=== REQUIREMENT ===
Only the lines from the start of the entries through the line with "经过5轮竞拍,最终碧桂园以总" should be returned, each exactly as it stands, and no pictures.

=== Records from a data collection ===
□ □ □ □ □

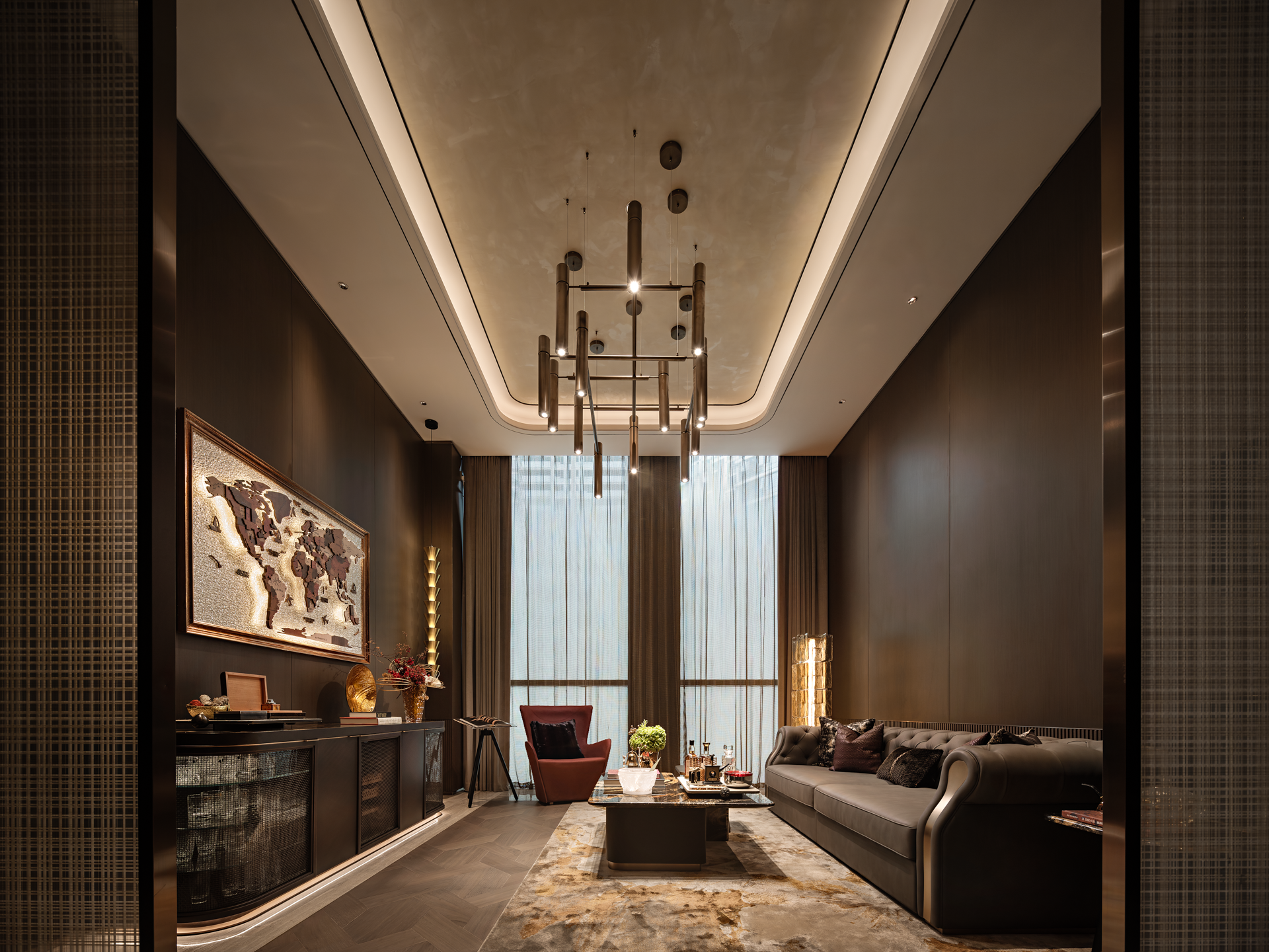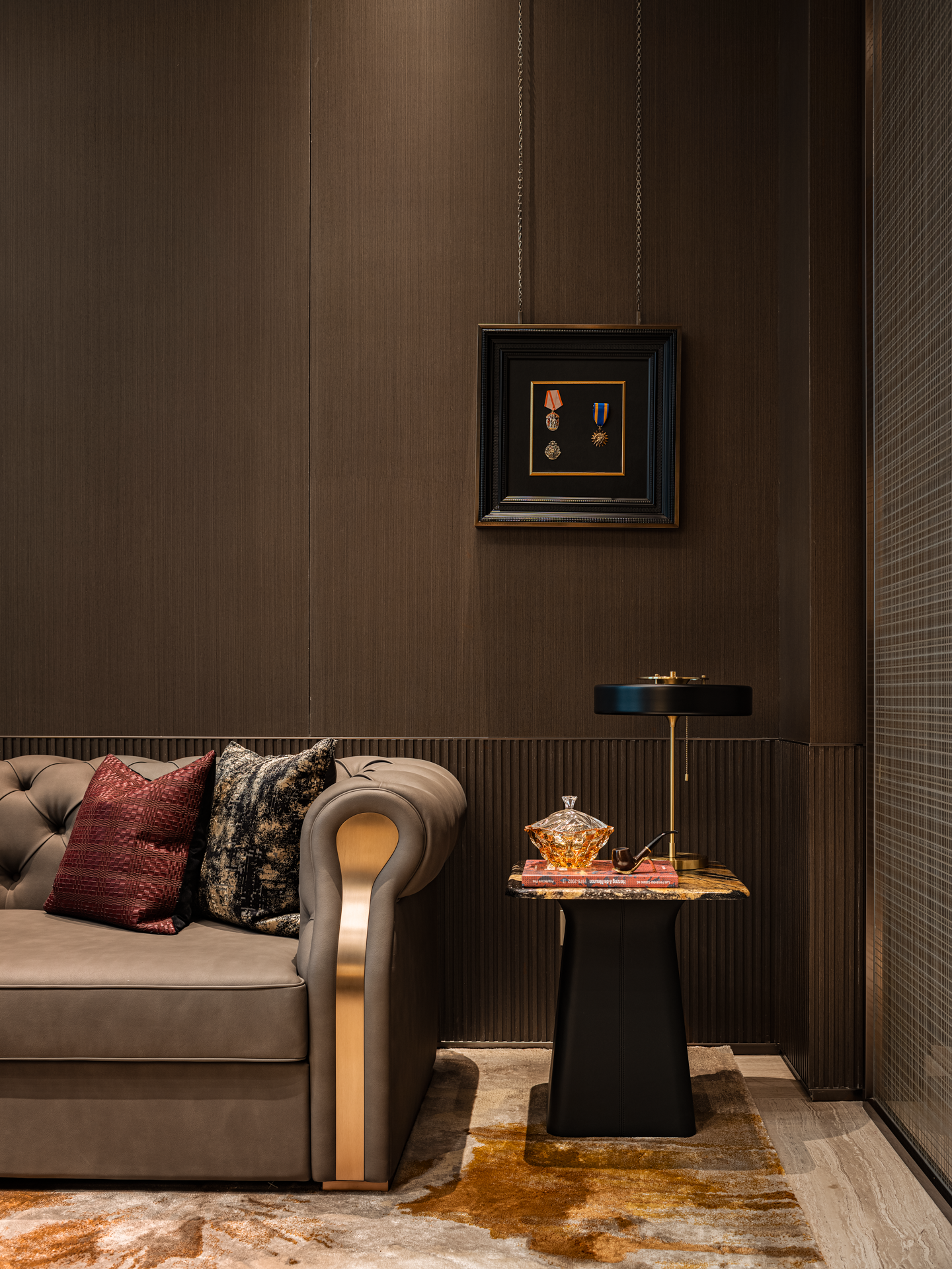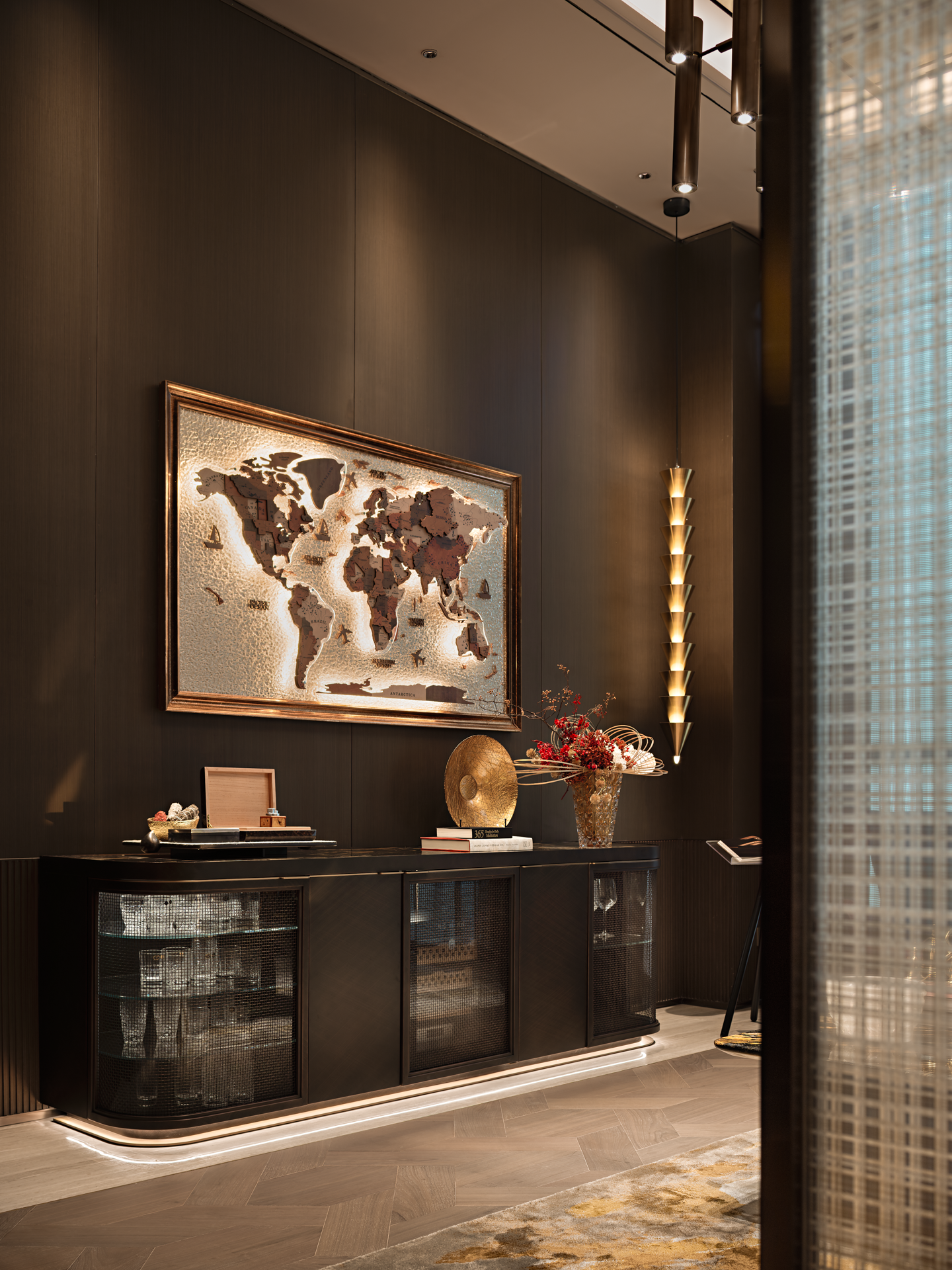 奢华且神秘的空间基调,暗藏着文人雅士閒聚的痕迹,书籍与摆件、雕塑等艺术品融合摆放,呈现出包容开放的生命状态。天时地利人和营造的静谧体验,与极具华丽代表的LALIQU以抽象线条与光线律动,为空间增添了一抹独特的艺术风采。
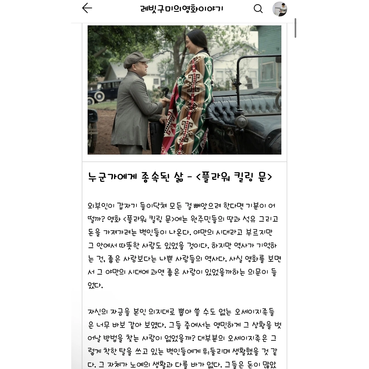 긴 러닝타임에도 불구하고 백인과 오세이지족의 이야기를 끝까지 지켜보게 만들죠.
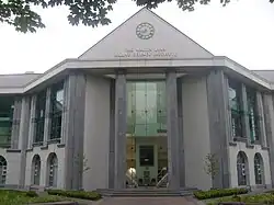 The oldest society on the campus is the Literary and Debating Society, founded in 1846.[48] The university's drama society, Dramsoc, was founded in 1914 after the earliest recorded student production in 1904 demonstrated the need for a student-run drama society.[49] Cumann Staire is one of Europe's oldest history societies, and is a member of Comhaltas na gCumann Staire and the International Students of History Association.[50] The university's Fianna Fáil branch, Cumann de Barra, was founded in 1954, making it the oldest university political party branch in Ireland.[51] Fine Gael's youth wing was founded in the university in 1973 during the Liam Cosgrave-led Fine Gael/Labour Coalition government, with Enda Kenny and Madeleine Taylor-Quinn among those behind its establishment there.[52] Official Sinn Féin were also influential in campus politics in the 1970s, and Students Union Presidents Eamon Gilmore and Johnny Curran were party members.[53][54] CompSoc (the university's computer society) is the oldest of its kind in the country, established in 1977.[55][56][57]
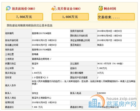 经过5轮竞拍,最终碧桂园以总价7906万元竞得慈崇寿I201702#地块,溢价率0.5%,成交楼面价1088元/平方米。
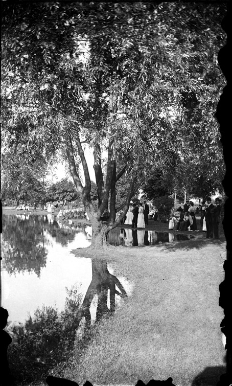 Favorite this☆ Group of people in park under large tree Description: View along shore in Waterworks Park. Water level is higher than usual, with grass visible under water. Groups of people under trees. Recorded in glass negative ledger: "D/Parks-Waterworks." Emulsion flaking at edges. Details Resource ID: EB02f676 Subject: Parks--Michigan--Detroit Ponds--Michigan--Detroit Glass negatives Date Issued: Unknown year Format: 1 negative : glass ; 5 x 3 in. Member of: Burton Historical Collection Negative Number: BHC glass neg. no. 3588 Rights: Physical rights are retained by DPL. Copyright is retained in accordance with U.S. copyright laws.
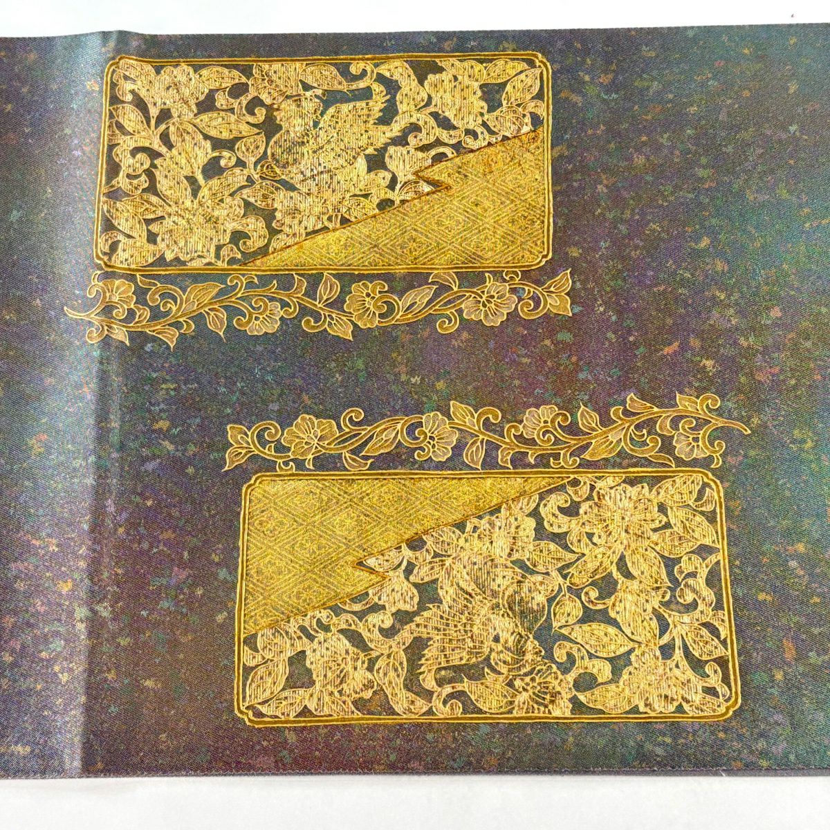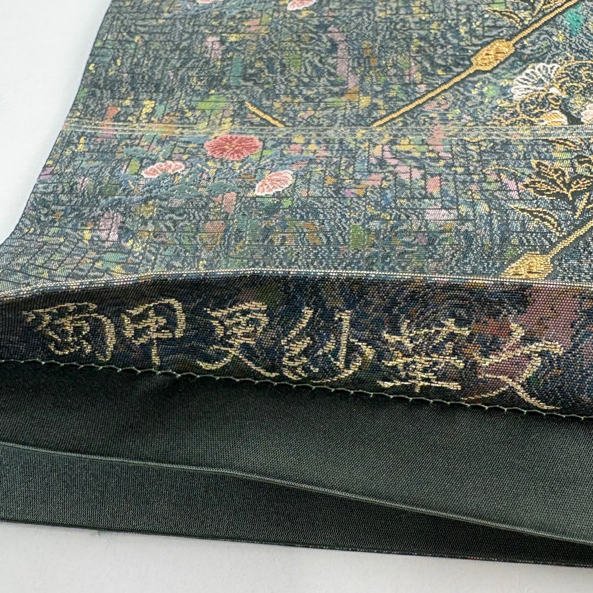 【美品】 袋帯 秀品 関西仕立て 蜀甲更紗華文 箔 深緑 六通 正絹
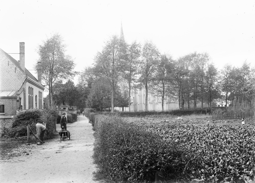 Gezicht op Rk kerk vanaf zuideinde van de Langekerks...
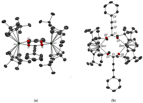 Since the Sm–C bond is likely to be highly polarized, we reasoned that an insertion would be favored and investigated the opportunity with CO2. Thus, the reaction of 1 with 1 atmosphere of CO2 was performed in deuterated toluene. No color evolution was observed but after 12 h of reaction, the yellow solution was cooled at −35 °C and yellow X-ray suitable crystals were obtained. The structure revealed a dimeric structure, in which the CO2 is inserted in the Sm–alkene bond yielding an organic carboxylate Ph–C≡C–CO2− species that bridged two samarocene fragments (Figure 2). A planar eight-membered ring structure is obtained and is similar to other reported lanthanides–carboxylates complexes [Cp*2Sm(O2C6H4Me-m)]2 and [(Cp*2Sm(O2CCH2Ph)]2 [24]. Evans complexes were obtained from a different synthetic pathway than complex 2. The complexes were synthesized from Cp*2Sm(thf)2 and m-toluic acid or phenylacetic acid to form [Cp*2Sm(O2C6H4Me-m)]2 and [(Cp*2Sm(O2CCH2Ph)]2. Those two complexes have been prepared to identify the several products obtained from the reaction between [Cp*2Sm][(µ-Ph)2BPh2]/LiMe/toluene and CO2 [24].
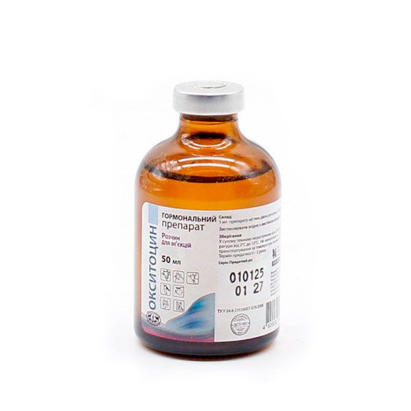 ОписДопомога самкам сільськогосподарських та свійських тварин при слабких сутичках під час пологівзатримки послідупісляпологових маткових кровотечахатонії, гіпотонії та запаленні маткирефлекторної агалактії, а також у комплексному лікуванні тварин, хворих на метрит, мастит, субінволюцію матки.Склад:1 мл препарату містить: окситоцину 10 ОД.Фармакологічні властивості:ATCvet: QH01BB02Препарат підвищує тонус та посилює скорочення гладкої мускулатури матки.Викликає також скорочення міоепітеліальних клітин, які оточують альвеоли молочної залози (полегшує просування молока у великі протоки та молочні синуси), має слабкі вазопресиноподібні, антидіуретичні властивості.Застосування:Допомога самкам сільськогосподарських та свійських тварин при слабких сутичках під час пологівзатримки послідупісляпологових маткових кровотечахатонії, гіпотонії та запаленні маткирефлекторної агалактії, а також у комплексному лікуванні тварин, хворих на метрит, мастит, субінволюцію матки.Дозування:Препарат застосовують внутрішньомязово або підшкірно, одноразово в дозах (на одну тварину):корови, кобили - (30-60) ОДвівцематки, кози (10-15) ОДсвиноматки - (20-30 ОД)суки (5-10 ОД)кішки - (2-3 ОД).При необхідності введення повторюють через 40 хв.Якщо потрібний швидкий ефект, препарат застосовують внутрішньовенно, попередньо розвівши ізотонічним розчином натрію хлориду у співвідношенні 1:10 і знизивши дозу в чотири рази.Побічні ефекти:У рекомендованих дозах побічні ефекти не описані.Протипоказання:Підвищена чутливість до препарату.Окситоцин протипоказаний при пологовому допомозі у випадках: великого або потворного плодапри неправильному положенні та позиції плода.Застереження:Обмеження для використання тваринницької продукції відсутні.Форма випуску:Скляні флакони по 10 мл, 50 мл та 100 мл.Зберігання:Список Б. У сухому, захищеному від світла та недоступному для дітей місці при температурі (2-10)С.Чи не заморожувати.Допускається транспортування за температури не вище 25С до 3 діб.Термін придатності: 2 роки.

□ □ □ □ □

=== WRITTEN ANSWER ===
 奢华且神秘的空间基调,暗藏着文人雅士閒聚的痕迹,书籍与摆件、雕塑等艺术品融合摆放,呈现出包容开放的生命状态。天时地利人和营造的静谧体验,与极具华丽代表的LALIQU以抽象线条与光线律动,为空间增添了一抹独特的艺术风采。
 긴 러닝타임에도 불구하고 백인과 오세이지족의 이야기를 끝까지 지켜보게 만들죠.
 The oldest society on the campus is the Literary and Debating Society, founded in 1846.[48] The university's drama society, Dramsoc, was founded in 1914 after the earliest recorded student production in 1904 demonstrated the need for a student-run drama society.[49] Cumann Staire is one of Europe's oldest history societies, and is a member of Comhaltas na gCumann Staire and the International Students of History Association.[50] The university's Fianna Fáil branch, Cumann de Barra, was founded in 1954, making it the oldest university political party branch in Ireland.[51] Fine Gael's youth wing was founded in the university in 1973 during the Liam Cosgrave-led Fine Gael/Labour Coalition government, with Enda Kenny and Madeleine Taylor-Quinn among those behind its establishment there.[52] Official Sinn Féin were also influential in campus politics in the 1970s, and Students Union Presidents Eamon Gilmore and Johnny Curran were party members.[53][54] CompSoc (the university's computer society) is the oldest of its kind in the country, established in 1977.[55][56][57]
 经过5轮竞拍,最终碧桂园以总价7906万元竞得慈崇寿I201702#地块,溢价率0.5%,成交楼面价1088元/平方米。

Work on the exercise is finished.